(Records from a data collection)
+---+
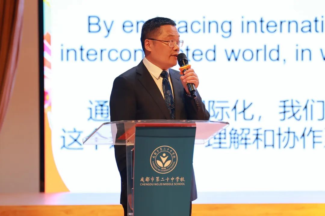 在轻松愉悦的氛围中,副校长杨关键用英语致辞。他强调了国际化教育的重要性,并鼓励学生们积极参与国际交流活动,拓宽视野,增长见识。
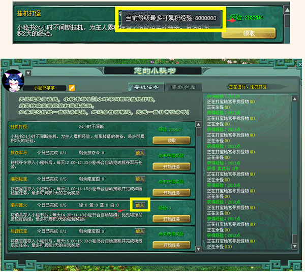 特别提醒:小秘书挂机打怪经验累积是有上限的哦!这个上限是按照你的当前等级逐步提升的,记得经验快慢之前提取以免浪费了!
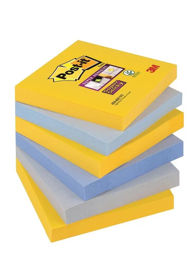 karteczki samoprzylepne Post-it® Super Stickyinnowacyjne rozwiązanie na codzienne zarządzanie zadaniami i priorytetami dzięki kolorom świetnie się wyróżniają, dzięki Super Sticky trzymają się w każdym miejscu kolekcja 3 wyjątkowych kolorów karteczek: Bananowo Żółte, Stalowa Szarość, Lazurowo Niebieskie korzystaj z różnych kolorów i rozmiarów do tworzenia własnej hierarchii ważności zadań lub kodowania zagadnień 2x większa siła kleju Super Sticky vs klasyczne karteczki Post-it® Super Sticky trzymają się każdej powierzchni, abyś nie musiał się martwić, że Twoja wiadomość może zginąć idealne przy biurku jak i na "trudnych" dla zwykłych karteczek samoprzylepnych pionowych powierzchniach takich jak ściany, meble i okna - zawsze trzymają się mocno, odklejają bez uszkadzania powierzchni i bez śladu kleju - nawet przy wielokrotnym użyciu produkt z certyfikatem PEFC, który potwierdza zrównoważone źródła pozyskania surowców - kupując dbasz o naszą planetę super mocny klej Super Sticky w 60% wyprodukowano z surowców roślinnych - mniejsze wykorzystanie pochodnych ropy naftowej w przeciwieństwie do produktów innych marek papier z certyfikatem PEFC CH18/0914, bielony bez użycia chloru gazowego bloczek samoprzylepny Post-it® po użyciu nadaje się do recyklingu i może być segregowany razem z papierem podejmuj świadome decyzje i sprawdź czy karteczki samoprzylepne na Twoim biurku mają informację potwierdzającą, że nadają się do recyklingu każdy notes samoprzylepny Post-it® dostępny w Polsce został wyprodukowany z surowców z certyfikowanych źródeł, przy zachowaniu najwyższych standarów kontroli jakości i warunków pracy we własnych zakładach produkcyjnych 3M™ w USA i/lub Europie, z dbałością o środowisko - od źródła, poprzez Twoje biurko, a następnie recykling i ponowne wykorzystanie ilość karteczek: 6x90 w rozmiarze 76x76mm gramatura: 74gsm kolor: mix koloró
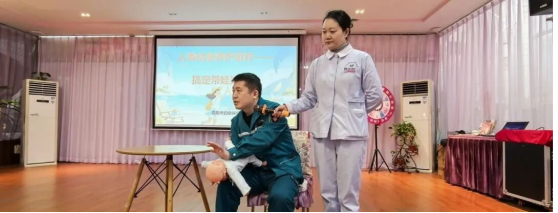 讲解结束后,准爸妈们轮流上台练习。“以前只在视频里看过,今天亲手练过,心里真正有底了。”
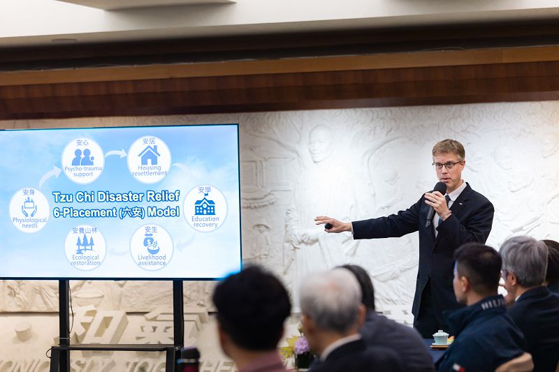 慈濟除了介紹防救災經驗,也分享馬太鞍堰塞湖事件救災期間,政府與民間協力救災、各界人士自發性投入,包含支援清掃、提供行動電源與行動醫護等服務,展現台灣人民的軟實力。
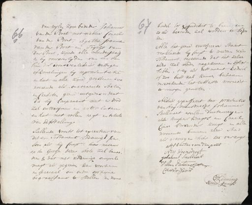 van wylen zyne broeder Johannes van der Poort met naame Cornelis 66 van de Poort, Agathie Joanna van der Poort en Tryntje van der Poort, zynde alle meerderjarig en by vooroverlyden van een van hun des woroverledens wettigen afkomelingen by repræsentatie en dat in alle zijne goederen zoo roerende als onroeren de Actien en Crediten geene uitgezondert. die hij Comparant met er dood Zal ontruijmen en agter laten en dat met vollen regt en titule van Erfstelling Stellende voorts tot executeur van dit zijn Testament zodanigh per Loon als hij Compt: hier nevens op de Grosse dezer Acte zal benoe¬ men & dat met zodanige ampele magt als gegeeven kan worden en speciaal om ordre op zijne begraeffenis te stellen en zyne boedel tot Liquiditeit te brengen 6 zo als bevonden zal worden te behoo¬ ken. Alle het geene voorschreeve Staet verklaarde hy Compt. te weezen zijn Testament, begeerende dat het zelve alzo zal worden nagekomen en Effect- hebben, 't zy als testament codicil of zoo best zal kunnen bekaan verzoekende het uitterste worrecht te mogen genieten. Aldus gepasseert ter praesentie van dry woensdrecht Johannes Shellaart Willem duitemeyer alle huijpers knegts en Carel Cieri Branders knegt en alle woonende binnen deze Stad als getuigen hier toe verzogt Albentus van den poort Ary Woensdregt Johannis Snellaart Willem Deutircof Cardenzins F. Lenning Notaris Juris
+---+
→ **Required action**: Repeat the records above exactly. No pictures go into the repeat.

→ **Response for this exercise**:
 在轻松愉悦的氛围中,副校长杨关键用英语致辞。他强调了国际化教育的重要性,并鼓励学生们积极参与国际交流活动,拓宽视野,增长见识。
 特别提醒:小秘书挂机打怪经验累积是有上限的哦!这个上限是按照你的当前等级逐步提升的,记得经验快慢之前提取以免浪费了!
 karteczki samoprzylepne Post-it® Super Stickyinnowacyjne rozwiązanie na codzienne zarządzanie zadaniami i priorytetami dzięki kolorom świetnie się wyróżniają, dzięki Super Sticky trzymają się w każdym miejscu kolekcja 3 wyjątkowych kolorów karteczek: Bananowo Żółte, Stalowa Szarość, Lazurowo Niebieskie korzystaj z różnych kolorów i rozmiarów do tworzenia własnej hierarchii ważności zadań lub kodowania zagadnień 2x większa siła kleju Super Sticky vs klasyczne karteczki Post-it® Super Sticky trzymają się każdej powierzchni, abyś nie musiał się martwić, że Twoja wiadomość może zginąć idealne przy biurku jak i na "trudnych" dla zwykłych karteczek samoprzylepnych pionowych powierzchniach takich jak ściany, meble i okna - zawsze trzymają się mocno, odklejają bez uszkadzania powierzchni i bez śladu kleju - nawet przy wielokrotnym użyciu produkt z certyfikatem PEFC, który potwierdza zrównoważone źródła pozyskania surowców - kupując dbasz o naszą planetę super mocny klej Super Sticky w 60% wyprodukowano z surowców roślinnych - mniejsze wykorzystanie pochodnych ropy naftowej w przeciwieństwie do produktów innych marek papier z certyfikatem PEFC CH18/0914, bielony bez użycia chloru gazowego bloczek samoprzylepny Post-it® po użyciu nadaje się do recyklingu i może być segregowany razem z papierem podejmuj świadome decyzje i sprawdź czy karteczki samoprzylepne na Twoim biurku mają informację potwierdzającą, że nadają się do recyklingu każdy notes samoprzylepny Post-it® dostępny w Polsce został wyprodukowany z surowców z certyfikowanych źródeł, przy zachowaniu najwyższych standarów kontroli jakości i warunków pracy we własnych zakładach produkcyjnych 3M™ w USA i/lub Europie, z dbałością o środowisko - od źródła, poprzez Twoje biurko, a następnie recykling i ponowne wykorzystanie ilość karteczek: 6x90 w rozmiarze 76x76mm gramatura: 74gsm kolor: mix koloró
 讲解结束后,准爸妈们轮流上台练习。“以前只在视频里看过,今天亲手练过,心里真正有底了。”
 慈濟除了介紹防救災經驗,也分享馬太鞍堰塞湖事件救災期間,政府與民間協力救災、各界人士自發性投入,包含支援清掃、提供行動電源與行動醫護等服務,展現台灣人民的軟實力。
 van wylen zyne broeder Johannes van der Poort met naame Cornelis 66 van de Poort, Agathie Joanna van der Poort en Tryntje van der Poort, zynde alle meerderjarig en by vooroverlyden van een van hun des woroverledens wettigen afkomelingen by repræsentatie en dat in alle zijne goederen zoo roerende als onroeren de Actien en Crediten geene uitgezondert. die hij Comparant met er dood Zal ontruijmen en agter laten en dat met vollen regt en titule van Erfstelling Stellende voorts tot executeur van dit zijn Testament zodanigh per Loon als hij Compt: hier nevens op de Grosse dezer Acte zal benoe¬ men & dat met zodanige ampele magt als gegeeven kan worden en speciaal om ordre op zijne begraeffenis te stellen en zyne boedel tot Liquiditeit te brengen 6 zo als bevonden zal worden te behoo¬ ken. Alle het geene voorschreeve Staet verklaarde hy Compt. te weezen zijn Testament, begeerende dat het zelve alzo zal worden nagekomen en Effect- hebben, 't zy als testament codicil of zoo best zal kunnen bekaan verzoekende het uitterste worrecht te mogen genieten. Aldus gepasseert ter praesentie van dry woensdrecht Johannes Shellaart Willem duitemeyer alle huijpers knegts en Carel Cieri Branders knegt en alle woonende binnen deze Stad als getuigen hier toe verzogt Albentus van den poort Ary Woensdregt Johannis Snellaart Willem Deutircof Cardenzins F. Lenning Notaris Juris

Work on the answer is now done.